The above outline introduces some transactions, but these do not fully represent the features supported by the TDSQL automation operation platform, these are just a few more important examples. Back to the point, how does TDSQL automate these things? TDSQL presents these functions on the database operation platform "Red Rabbit". All users, including DBA, can complete all the above operations on Red Rabbit, and they are all automated; Red Rabbit will communicate with TDSQL, and Red Rabbit will send the process to the TDSQL,TDSQL cluster in the form of a task. It will automatically help the user complete this task and feedback it to Red Rabbit, and then the user can see the result of this operation.

Therefore, the whole process of Red Rabbit platform is to encapsulate every daily transaction and fault analysis transaction into an automatic process, and then get through the needs of users and the process of TDSQL background operation, so as to help people use the platform to solve the problems encountered in daily work efficiently and safely.

1.2 TDSQL- automatic processing principle of Red Rabbit

Next, it introduces how to complete the automatic process processing in the TDSQL background, including the automatic processing flow and the core modules.

If you have heard the previous series of sharing, you should know something about this picture, but today's diagram is slightly different from the previous architecture diagram, let's take a look at it in turn:

The user's request is sent to the backend OSS in the form of a task on the Red Rabbit platform (OSS is the external interface of TDSQL), and OSS will do a distribution and write some of the tasks in the MetaCluster. After the MetaCluster is written into a task, there are two modules on the left, scheduler and onlineddl, which monitor and listen to their respective task nodes, and deal with new tasks.

OSS sends the task of problem analysis type directly to Bian Que, the intelligent analysis platform in TDSQL automation operation system. Bian Que is responsible for intelligent problem analysis, which uses the data collected by monitoring, such as DBA status, active / standby switching and other TDSQL monitoring data, as well as Bian Que will actually visit the data node to collect data that it believes needs to support the analysis instance. Bian Que is a new module in the TDQSL framework. Another module is onlineddl, which handles DDL requests independently. Except for these two request types, the other tasks are basically accomplished by the scheduler module.
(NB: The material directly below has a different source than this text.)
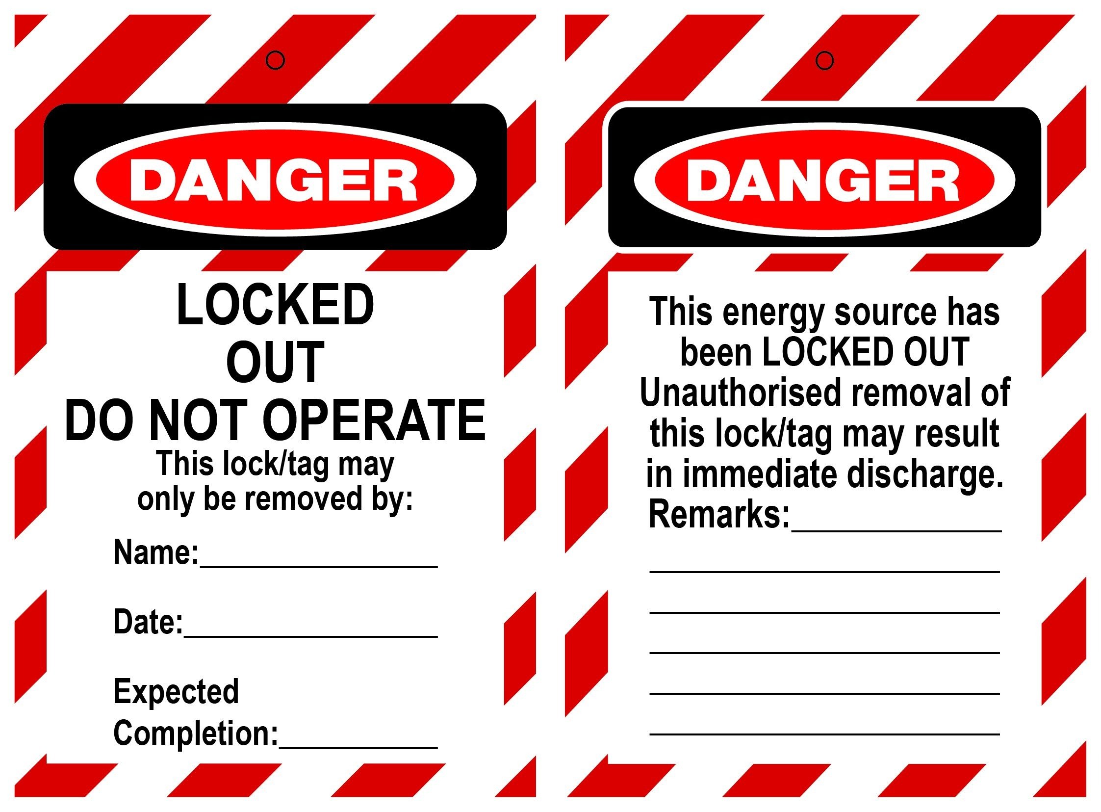 Weather-proof, tear-proof tags, for durable, clear lockout warning.

There is a line in the lower right corner where each node of the Agent-- is monitored or even completed by the Agent process module, and scheduler cannot directly contact it, so Agent will also assist in completing the process just mentioned. It also processes the information it needs through MetaCluster, and then responds back to scheduler or even other modules after processing.

So this diagram has three core modules to deal with the daily process: one is Bian Que, and this is the problem analysis module. Onlineddl handles DDL requests, as well as the handling of roles and tasks behind each module of TDSQL. This is the end of the introduction of TDSQL automation operation process and framework.

TDSQL daily transaction automation

Let's move on to the second chapter, TDSQL daily transaction automation.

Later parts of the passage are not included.